* _Records to use_:
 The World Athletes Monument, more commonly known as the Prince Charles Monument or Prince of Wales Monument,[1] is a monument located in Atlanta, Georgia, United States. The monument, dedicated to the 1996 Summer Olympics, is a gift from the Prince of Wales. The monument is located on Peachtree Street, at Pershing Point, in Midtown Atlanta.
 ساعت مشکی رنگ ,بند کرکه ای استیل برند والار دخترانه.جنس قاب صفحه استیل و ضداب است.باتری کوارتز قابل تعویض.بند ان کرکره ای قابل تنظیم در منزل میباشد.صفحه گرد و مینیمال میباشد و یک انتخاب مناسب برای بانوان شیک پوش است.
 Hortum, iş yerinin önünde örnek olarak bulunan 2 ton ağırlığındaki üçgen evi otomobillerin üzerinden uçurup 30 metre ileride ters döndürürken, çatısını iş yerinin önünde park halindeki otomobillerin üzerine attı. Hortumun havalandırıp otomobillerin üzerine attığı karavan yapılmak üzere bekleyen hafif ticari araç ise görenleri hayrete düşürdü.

---

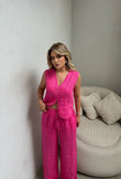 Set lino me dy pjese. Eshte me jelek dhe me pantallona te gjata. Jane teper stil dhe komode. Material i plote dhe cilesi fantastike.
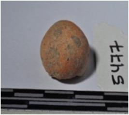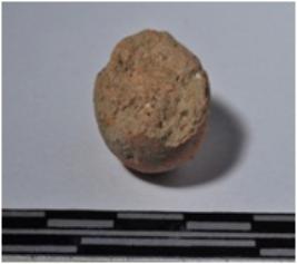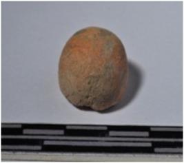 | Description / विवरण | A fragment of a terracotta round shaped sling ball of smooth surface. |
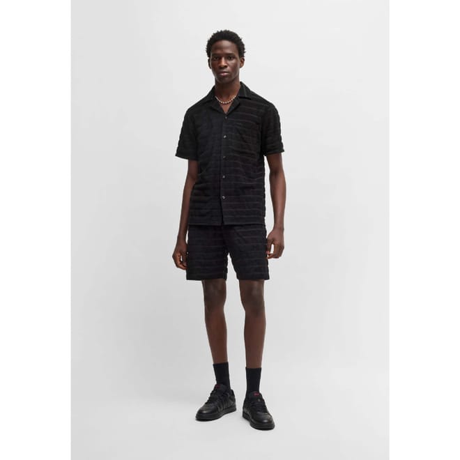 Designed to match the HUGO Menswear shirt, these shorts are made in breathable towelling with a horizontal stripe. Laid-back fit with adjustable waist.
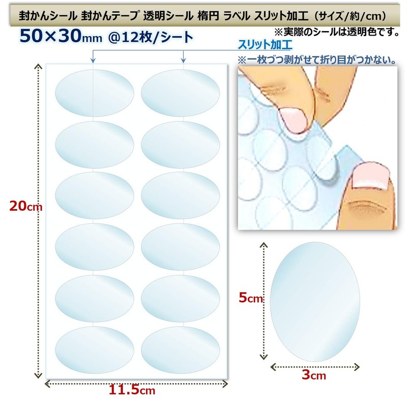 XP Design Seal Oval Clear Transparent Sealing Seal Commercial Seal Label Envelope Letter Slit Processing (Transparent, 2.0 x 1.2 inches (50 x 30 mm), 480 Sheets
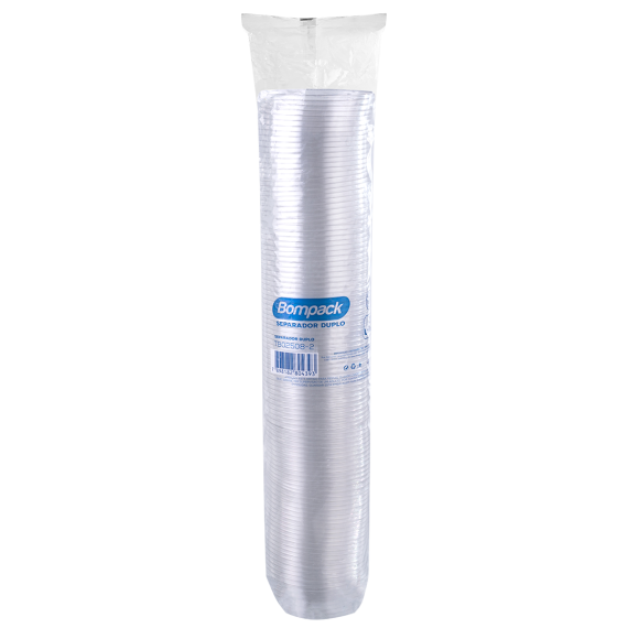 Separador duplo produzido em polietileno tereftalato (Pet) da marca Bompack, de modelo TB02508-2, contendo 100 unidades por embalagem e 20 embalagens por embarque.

...

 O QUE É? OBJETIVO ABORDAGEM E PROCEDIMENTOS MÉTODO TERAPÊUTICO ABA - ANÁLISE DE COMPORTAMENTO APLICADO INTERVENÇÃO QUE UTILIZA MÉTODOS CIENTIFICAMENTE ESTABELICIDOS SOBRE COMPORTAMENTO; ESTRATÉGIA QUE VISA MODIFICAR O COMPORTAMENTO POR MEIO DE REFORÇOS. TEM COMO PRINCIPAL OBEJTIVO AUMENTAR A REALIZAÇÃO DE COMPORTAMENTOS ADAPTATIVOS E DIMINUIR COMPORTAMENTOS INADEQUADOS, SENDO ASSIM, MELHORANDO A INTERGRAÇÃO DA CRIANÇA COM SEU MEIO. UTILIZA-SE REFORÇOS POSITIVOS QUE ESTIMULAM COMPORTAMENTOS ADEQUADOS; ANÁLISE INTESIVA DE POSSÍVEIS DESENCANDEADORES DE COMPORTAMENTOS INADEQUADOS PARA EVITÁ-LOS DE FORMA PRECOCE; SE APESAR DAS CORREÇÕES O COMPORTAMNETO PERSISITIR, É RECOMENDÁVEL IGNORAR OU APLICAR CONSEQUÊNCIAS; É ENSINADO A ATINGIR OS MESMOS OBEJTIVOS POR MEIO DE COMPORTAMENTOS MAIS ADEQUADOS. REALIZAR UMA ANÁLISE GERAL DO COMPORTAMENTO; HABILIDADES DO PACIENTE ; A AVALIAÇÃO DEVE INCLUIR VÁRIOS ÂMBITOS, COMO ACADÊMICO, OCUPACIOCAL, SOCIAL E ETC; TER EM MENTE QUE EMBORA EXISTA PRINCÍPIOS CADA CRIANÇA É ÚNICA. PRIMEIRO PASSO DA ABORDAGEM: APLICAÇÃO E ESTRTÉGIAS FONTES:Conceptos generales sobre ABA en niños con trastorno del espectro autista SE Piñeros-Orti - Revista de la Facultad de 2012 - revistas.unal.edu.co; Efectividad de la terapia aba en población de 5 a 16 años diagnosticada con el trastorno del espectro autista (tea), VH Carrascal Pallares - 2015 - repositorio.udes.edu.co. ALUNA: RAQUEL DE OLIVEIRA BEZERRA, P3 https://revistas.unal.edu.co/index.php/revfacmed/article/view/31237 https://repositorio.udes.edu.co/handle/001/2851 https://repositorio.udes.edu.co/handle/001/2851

* _Task item_: The line above containing "The World Athletes", the line containing "Hortum, iş yerinin", and every line between them are to be transcribed exactly; no other line is wanted.

* _Answer section_:
 The World Athletes Monument, more commonly known as the Prince Charles Monument or Prince of Wales Monument,[1] is a monument located in Atlanta, Georgia, United States. The monument, dedicated to the 1996 Summer Olympics, is a gift from the Prince of Wales. The monument is located on Peachtree Street, at Pershing Point, in Midtown Atlanta.
 ساعت مشکی رنگ ,بند کرکه ای استیل برند والار دخترانه.جنس قاب صفحه استیل و ضداب است.باتری کوارتز قابل تعویض.بند ان کرکره ای قابل تنظیم در منزل میباشد.صفحه گرد و مینیمال میباشد و یک انتخاب مناسب برای بانوان شیک پوش است.
 Hortum, iş yerinin önünde örnek olarak bulunan 2 ton ağırlığındaki üçgen evi otomobillerin üzerinden uçurup 30 metre ileride ters döndürürken, çatısını iş yerinin önünde park halindeki otomobillerin üzerine attı. Hortumun havalandırıp otomobillerin üzerine attığı karavan yapılmak üzere bekleyen hafif ticari araç ise görenleri hayrete düşürdü.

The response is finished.